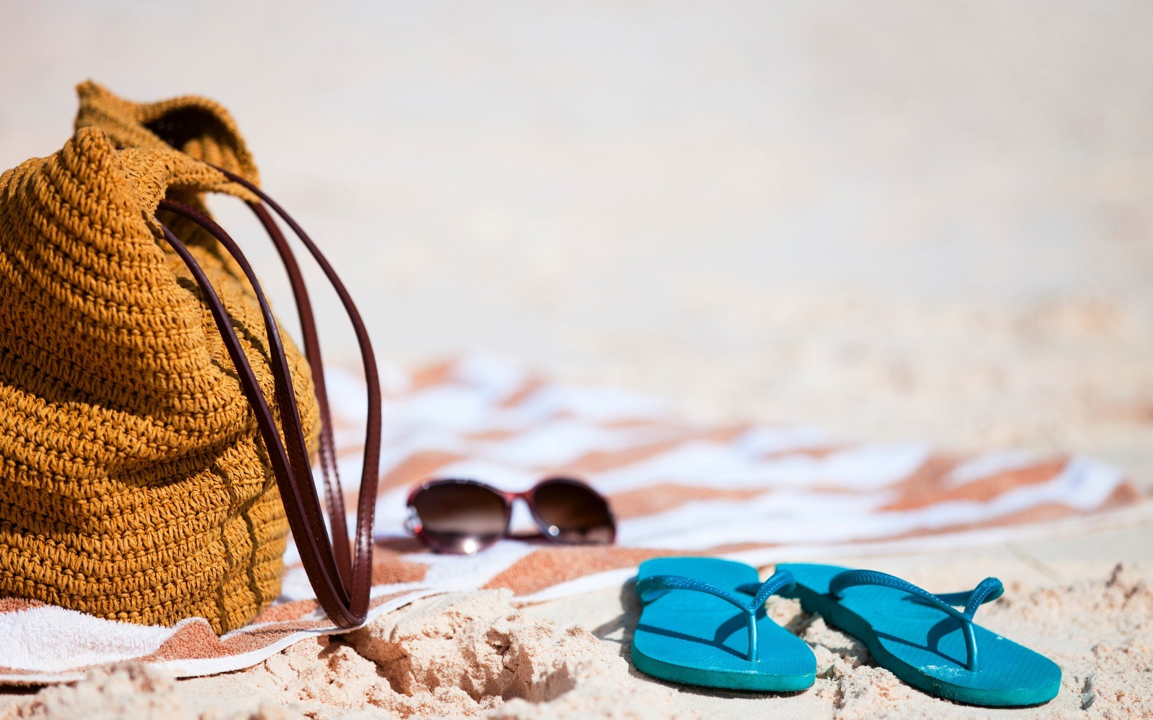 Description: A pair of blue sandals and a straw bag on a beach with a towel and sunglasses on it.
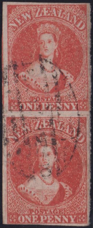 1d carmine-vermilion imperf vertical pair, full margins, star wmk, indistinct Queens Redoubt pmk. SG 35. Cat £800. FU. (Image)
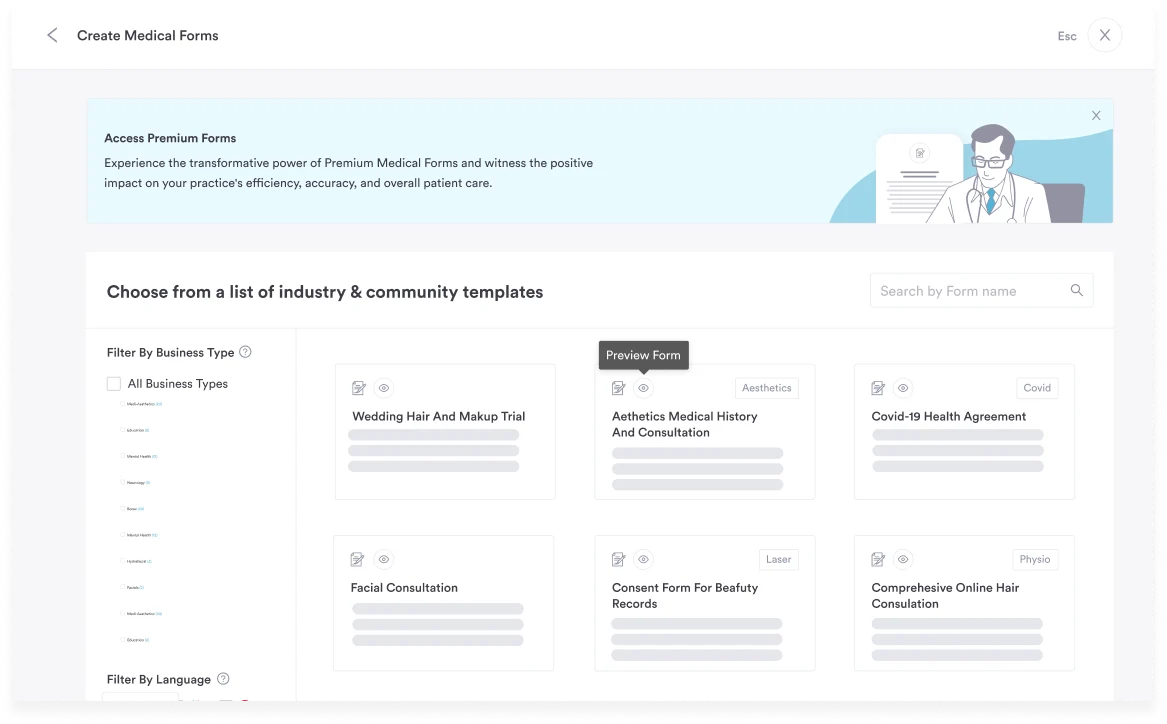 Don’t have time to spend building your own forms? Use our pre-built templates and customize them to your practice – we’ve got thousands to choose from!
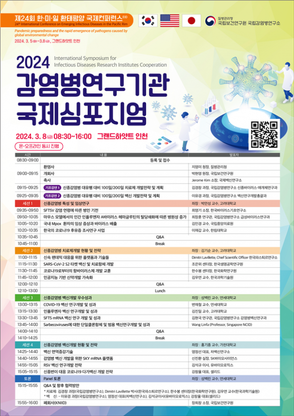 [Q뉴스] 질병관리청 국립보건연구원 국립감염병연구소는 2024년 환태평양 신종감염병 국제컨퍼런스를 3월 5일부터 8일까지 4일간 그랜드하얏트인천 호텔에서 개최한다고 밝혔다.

# WHAT THIS TASK INVOLVES:
Starting with the line that holds "Don’t have time", retype each line through the last one in the listing above, exactly as written. Do not copy any pictures.

# FINAL ANSWER:
 Don’t have time to spend building your own forms? Use our pre-built templates and customize them to your practice – we’ve got thousands to choose from!
 [Q뉴스] 질병관리청 국립보건연구원 국립감염병연구소는 2024년 환태평양 신종감염병 국제컨퍼런스를 3월 5일부터 8일까지 4일간 그랜드하얏트인천 호텔에서 개최한다고 밝혔다.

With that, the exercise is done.